I've done it before and I have a friend who is currently still doing it.


----------



## Esox lucius (Feb 17, 2009)

Ebichua said:


> Yes, it can. It'll be incredibly slow and you won't form thick carpets. But will it grow and spread? Yes, over a very long period of time.
> 
> I've done it before and I have a friend who is currently still doing it.


Thats what I expected, great info, thanks:thumbsup:


----------



## o snap its eric (Jan 12, 2004)

i wouldnt recommend it though..... any sort of carpet forming plants need CO2.


----------



## Ebichua (May 13, 2008)

o snap its eric said:


> i wouldnt recommend it though..... any sort of carpet forming plants need CO2.


Not entirely true. For some sp. yes, co2 is a must. But glosso isn't one of those. It does create a denser growth due to the increased speed but with time, glosso can form a fairly decent carpet.
Along with marsilea sp. 
Dwarf hairgrass too actually!


----------



## belladee (Jun 15, 2007)

good to know. I am about to plant a bunch tomorow and do not plan on using CO2. Well see how it goes.


----------



## Anupam (Nov 5, 2008)

I'm having some success with excel in a 2 gallon cube.


----------



## Sixwing (Jan 30, 2009)

I currently have a glosso carpet in 10 gallons, under low light, no CO2 (I did dose Excel for a couple months, quit last week, have seen no slow-down in the glosso's growth.) It's not the shag carpet style some people get going, but it's definitely overtaken almost the entire substrate - this from three sorry little leaves on one stem that got left in the back by accident. 

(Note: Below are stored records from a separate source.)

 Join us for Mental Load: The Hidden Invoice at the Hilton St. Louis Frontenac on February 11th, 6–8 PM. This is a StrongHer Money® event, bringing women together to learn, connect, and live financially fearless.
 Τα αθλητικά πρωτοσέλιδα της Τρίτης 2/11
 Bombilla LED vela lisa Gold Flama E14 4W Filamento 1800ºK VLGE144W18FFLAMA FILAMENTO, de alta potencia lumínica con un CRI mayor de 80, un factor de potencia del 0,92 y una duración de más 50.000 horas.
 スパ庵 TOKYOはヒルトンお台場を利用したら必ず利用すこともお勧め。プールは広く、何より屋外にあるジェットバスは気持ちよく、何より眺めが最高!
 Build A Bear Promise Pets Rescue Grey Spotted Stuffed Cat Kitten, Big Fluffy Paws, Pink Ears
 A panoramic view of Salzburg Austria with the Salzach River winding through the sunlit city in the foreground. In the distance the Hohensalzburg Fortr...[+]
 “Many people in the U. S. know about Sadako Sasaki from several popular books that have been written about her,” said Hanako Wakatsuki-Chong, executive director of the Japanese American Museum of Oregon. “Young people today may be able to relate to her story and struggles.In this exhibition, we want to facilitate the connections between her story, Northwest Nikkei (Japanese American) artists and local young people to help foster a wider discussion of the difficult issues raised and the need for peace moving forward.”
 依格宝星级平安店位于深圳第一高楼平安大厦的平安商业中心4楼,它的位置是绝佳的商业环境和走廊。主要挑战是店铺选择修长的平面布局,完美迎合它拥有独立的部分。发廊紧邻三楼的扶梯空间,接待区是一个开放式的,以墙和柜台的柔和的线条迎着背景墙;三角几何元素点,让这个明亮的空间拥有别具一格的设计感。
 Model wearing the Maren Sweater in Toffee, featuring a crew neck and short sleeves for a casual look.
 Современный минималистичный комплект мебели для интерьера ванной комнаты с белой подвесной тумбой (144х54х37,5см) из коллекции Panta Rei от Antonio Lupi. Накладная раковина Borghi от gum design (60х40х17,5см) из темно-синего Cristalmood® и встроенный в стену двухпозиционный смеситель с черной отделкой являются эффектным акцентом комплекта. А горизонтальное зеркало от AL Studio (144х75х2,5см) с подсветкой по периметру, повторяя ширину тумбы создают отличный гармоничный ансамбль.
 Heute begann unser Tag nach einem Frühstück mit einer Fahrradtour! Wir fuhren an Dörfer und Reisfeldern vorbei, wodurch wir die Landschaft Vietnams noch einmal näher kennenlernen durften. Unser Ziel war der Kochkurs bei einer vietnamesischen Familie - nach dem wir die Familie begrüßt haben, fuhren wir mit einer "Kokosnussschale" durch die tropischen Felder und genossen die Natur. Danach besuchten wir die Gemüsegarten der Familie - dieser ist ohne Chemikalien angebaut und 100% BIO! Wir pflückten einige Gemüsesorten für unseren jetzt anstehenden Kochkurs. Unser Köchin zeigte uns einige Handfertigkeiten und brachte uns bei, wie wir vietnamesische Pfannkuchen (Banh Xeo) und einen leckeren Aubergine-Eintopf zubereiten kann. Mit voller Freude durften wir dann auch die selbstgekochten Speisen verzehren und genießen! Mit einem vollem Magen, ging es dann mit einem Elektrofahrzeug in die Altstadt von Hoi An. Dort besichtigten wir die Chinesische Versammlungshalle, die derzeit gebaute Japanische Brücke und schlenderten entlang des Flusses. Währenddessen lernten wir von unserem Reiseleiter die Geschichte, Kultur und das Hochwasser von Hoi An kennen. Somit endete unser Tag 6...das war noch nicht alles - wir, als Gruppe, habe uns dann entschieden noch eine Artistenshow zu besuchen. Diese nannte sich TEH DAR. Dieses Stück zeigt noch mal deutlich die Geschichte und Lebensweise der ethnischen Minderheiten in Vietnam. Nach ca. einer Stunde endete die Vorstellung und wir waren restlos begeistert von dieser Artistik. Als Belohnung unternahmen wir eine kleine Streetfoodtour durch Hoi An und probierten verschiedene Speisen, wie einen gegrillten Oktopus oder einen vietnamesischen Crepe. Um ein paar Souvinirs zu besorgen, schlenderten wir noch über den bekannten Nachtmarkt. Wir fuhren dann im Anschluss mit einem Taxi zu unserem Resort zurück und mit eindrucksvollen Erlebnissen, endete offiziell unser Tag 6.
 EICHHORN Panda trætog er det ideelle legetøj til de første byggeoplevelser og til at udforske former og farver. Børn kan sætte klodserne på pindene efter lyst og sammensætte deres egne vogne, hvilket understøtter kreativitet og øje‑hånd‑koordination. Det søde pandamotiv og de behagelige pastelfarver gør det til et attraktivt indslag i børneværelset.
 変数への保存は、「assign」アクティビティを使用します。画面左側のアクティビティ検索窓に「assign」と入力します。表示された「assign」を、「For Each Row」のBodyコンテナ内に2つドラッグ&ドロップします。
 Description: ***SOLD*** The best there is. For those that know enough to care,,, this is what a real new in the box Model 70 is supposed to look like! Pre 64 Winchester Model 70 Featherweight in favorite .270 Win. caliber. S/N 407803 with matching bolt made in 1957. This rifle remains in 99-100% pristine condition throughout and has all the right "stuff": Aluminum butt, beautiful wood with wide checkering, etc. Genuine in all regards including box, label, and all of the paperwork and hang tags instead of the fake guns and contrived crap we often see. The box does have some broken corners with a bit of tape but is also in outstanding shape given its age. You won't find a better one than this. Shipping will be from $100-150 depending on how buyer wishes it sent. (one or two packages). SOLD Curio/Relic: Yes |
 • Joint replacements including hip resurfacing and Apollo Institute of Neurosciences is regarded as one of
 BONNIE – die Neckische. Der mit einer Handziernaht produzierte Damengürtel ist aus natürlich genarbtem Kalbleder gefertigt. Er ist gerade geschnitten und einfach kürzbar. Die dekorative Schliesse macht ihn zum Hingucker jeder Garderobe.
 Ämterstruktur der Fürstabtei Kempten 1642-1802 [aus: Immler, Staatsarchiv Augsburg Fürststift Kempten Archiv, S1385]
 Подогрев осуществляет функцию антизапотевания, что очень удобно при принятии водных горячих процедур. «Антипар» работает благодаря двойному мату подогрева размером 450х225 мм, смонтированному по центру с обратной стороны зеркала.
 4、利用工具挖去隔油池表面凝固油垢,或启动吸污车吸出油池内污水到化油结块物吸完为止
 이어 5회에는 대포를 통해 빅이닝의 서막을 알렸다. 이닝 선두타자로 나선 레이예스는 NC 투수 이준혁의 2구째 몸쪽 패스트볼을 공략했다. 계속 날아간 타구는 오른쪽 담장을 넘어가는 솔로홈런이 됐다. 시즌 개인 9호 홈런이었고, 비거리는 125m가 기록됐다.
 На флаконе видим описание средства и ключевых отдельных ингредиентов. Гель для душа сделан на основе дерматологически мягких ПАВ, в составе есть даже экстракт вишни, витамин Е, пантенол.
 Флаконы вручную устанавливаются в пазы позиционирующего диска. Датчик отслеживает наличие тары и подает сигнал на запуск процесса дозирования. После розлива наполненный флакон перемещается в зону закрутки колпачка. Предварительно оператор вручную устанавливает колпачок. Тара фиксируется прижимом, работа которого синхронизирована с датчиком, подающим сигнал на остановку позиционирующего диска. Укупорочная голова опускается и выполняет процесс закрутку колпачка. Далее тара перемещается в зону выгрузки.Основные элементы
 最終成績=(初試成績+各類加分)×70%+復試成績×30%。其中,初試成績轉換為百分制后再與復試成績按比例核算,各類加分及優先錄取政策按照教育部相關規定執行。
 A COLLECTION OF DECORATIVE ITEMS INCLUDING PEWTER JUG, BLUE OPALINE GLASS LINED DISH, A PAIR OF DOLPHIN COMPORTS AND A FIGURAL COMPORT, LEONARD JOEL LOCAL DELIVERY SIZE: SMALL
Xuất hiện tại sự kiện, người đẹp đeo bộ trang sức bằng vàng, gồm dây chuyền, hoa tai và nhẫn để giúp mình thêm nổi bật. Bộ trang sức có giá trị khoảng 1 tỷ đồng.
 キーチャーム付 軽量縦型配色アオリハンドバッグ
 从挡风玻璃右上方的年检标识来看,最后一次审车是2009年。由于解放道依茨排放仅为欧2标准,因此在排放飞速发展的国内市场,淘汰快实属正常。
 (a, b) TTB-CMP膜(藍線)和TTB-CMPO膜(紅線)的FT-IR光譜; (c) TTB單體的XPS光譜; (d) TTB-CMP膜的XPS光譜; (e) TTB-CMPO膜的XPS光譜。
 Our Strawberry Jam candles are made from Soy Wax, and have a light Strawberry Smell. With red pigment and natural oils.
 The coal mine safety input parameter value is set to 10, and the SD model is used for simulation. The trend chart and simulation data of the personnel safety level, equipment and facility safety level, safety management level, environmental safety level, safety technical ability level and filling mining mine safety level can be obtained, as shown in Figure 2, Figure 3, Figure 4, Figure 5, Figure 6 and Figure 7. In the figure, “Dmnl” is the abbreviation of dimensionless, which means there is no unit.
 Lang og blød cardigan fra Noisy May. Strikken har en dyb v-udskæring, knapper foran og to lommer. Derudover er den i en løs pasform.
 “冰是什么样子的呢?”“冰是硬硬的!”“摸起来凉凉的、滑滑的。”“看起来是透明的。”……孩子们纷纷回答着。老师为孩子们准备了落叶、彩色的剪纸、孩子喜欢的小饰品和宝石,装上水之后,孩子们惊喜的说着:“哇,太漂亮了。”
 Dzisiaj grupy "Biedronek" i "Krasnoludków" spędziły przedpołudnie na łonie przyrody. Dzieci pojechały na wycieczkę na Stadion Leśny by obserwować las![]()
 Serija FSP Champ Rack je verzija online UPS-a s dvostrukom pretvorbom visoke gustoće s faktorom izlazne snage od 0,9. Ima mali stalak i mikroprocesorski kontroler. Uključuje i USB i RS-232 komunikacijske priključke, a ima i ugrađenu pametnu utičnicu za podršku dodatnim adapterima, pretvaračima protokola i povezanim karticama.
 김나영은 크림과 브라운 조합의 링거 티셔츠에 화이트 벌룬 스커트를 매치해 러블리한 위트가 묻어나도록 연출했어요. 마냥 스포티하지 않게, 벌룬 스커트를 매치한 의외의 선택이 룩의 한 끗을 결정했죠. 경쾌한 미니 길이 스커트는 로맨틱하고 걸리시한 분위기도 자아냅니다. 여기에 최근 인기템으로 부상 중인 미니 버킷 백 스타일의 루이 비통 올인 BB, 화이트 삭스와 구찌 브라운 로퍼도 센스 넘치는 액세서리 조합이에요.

You don't strictly need CO2 or high light or even rich nutrients in the water for glosso. It does seem to appreciate a rich substrate, but I've grown it on sand, too, when there were nutrients in the water instead.


----------



## doncityz (May 17, 2011)

Sixwing,

hey I know this is old thread. But i am having similar setup as you - 10g, no CO2, ADA soil.

I just did a minor rescape and planting of the glosso. It is good to know that they will grow... I only hope the oto wont uproot them. :icon_mrgr


----------